Task objective —
Consider the listing below. Extract exactly the lines from the line containing "Collection of four" to the line containing "The autograph includes", both included.

Entries shown —

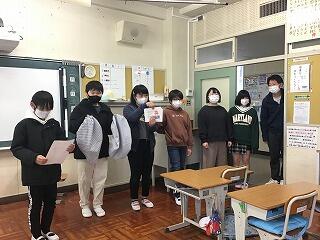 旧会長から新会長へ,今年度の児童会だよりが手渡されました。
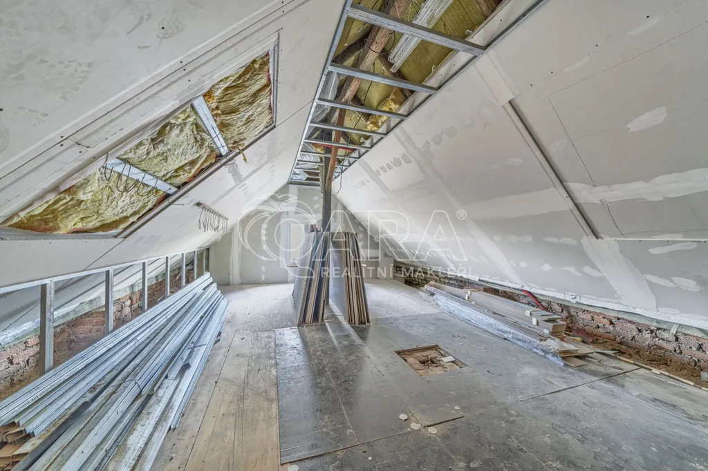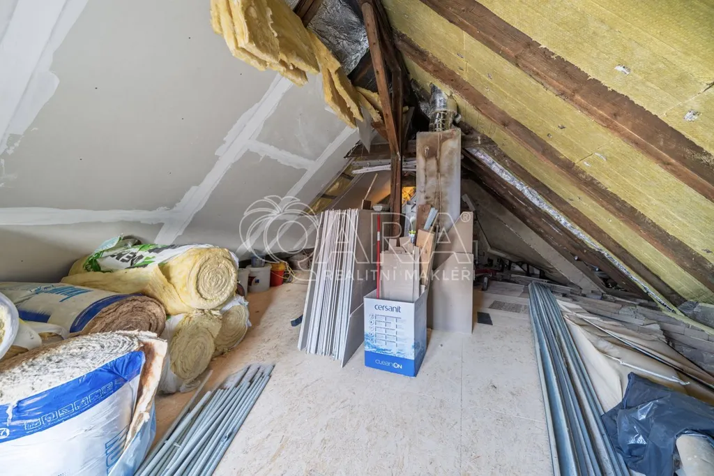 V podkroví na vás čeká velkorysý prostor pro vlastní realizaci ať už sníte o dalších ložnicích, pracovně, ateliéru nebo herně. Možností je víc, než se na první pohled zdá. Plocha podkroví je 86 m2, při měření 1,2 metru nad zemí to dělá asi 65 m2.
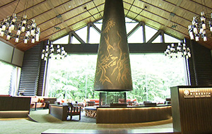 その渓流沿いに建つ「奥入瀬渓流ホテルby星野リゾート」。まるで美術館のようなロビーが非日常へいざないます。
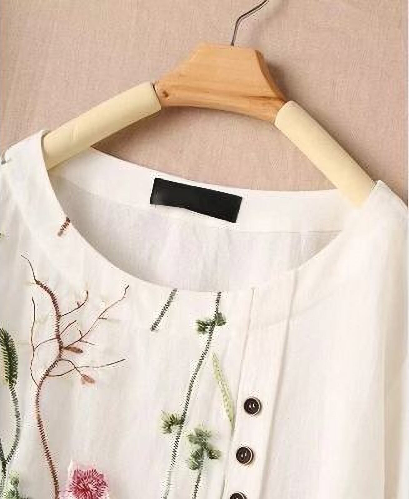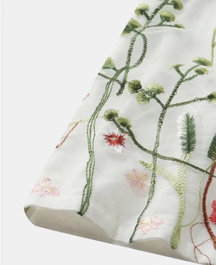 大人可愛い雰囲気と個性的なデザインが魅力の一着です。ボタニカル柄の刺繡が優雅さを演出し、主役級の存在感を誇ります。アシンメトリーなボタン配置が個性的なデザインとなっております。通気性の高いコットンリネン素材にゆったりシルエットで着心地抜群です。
==
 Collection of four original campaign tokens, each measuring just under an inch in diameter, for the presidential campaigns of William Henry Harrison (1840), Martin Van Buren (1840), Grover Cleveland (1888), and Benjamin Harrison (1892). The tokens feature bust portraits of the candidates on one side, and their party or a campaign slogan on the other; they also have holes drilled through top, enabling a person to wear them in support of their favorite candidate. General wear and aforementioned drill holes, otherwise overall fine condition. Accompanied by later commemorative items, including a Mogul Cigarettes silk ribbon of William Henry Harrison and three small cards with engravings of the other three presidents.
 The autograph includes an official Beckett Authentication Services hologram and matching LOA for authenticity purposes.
* * *
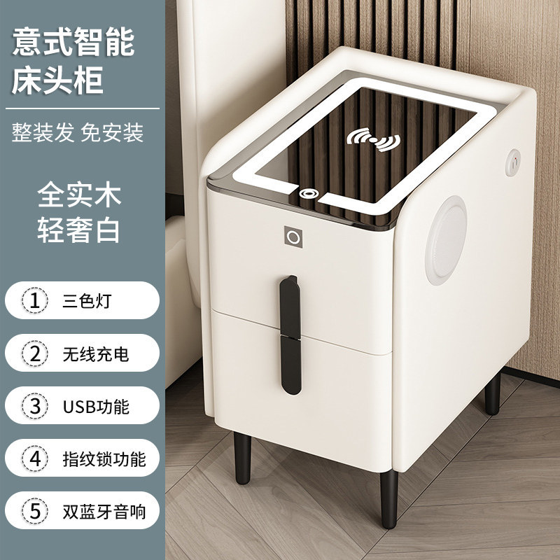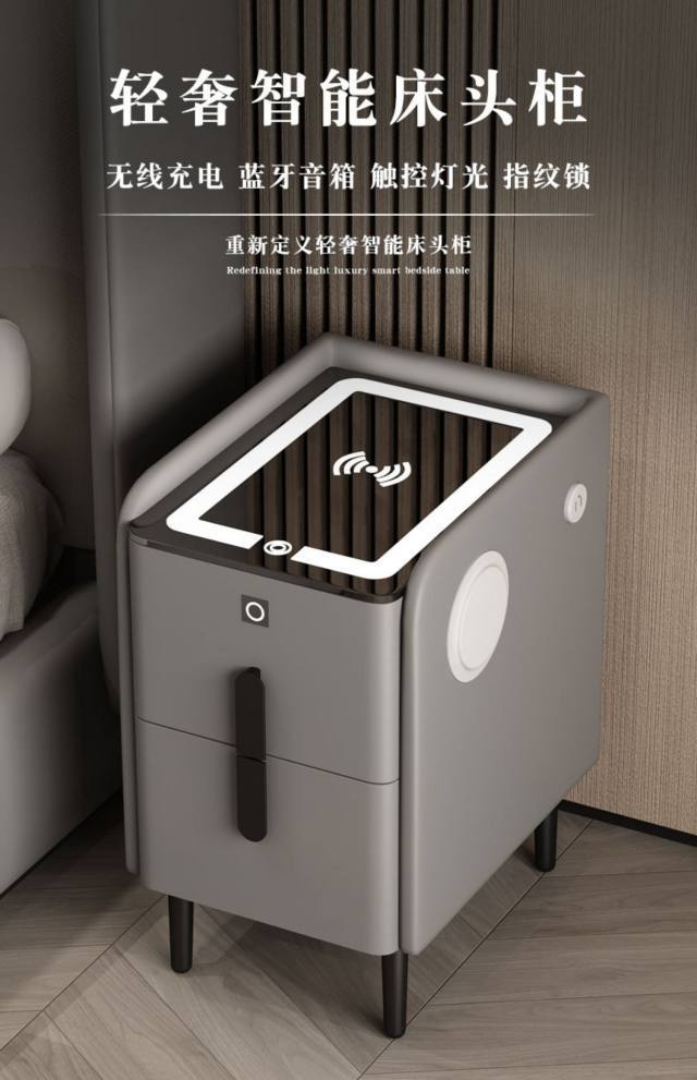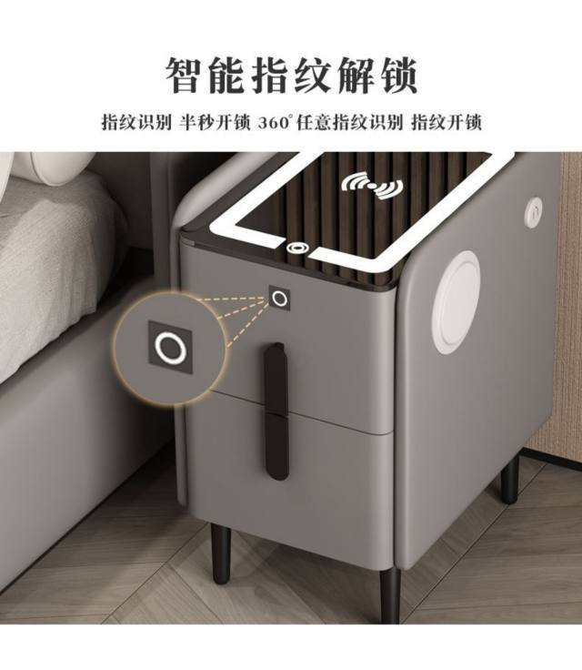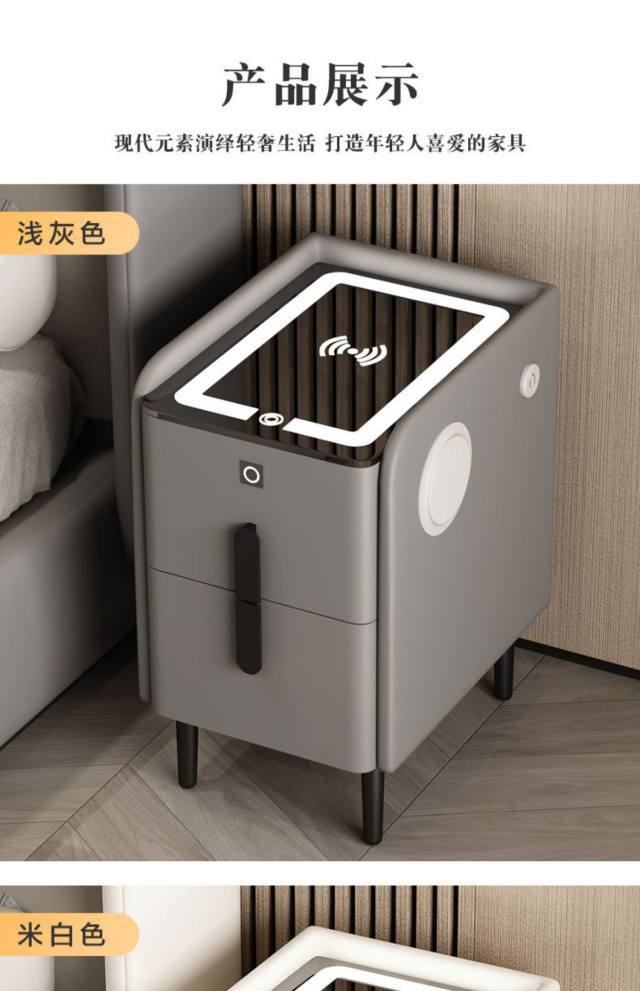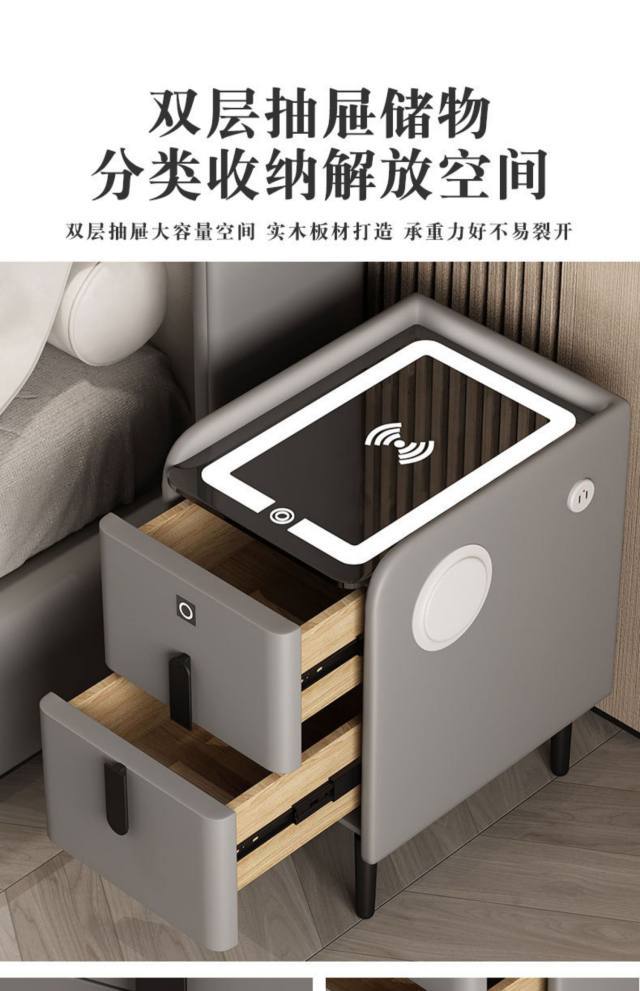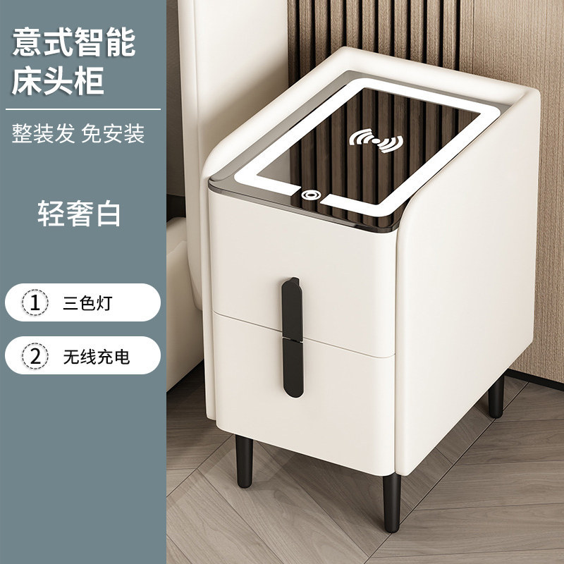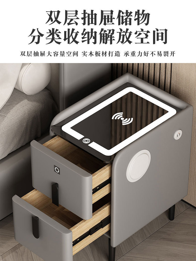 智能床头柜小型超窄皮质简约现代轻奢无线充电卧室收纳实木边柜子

Solution to the exercise —
 Collection of four original campaign tokens, each measuring just under an inch in diameter, for the presidential campaigns of William Henry Harrison (1840), Martin Van Buren (1840), Grover Cleveland (1888), and Benjamin Harrison (1892). The tokens feature bust portraits of the candidates on one side, and their party or a campaign slogan on the other; they also have holes drilled through top, enabling a person to wear them in support of their favorite candidate. General wear and aforementioned drill holes, otherwise overall fine condition. Accompanied by later commemorative items, including a Mogul Cigarettes silk ribbon of William Henry Harrison and three small cards with engravings of the other three presidents.
 The autograph includes an official Beckett Authentication Services hologram and matching LOA for authenticity purposes.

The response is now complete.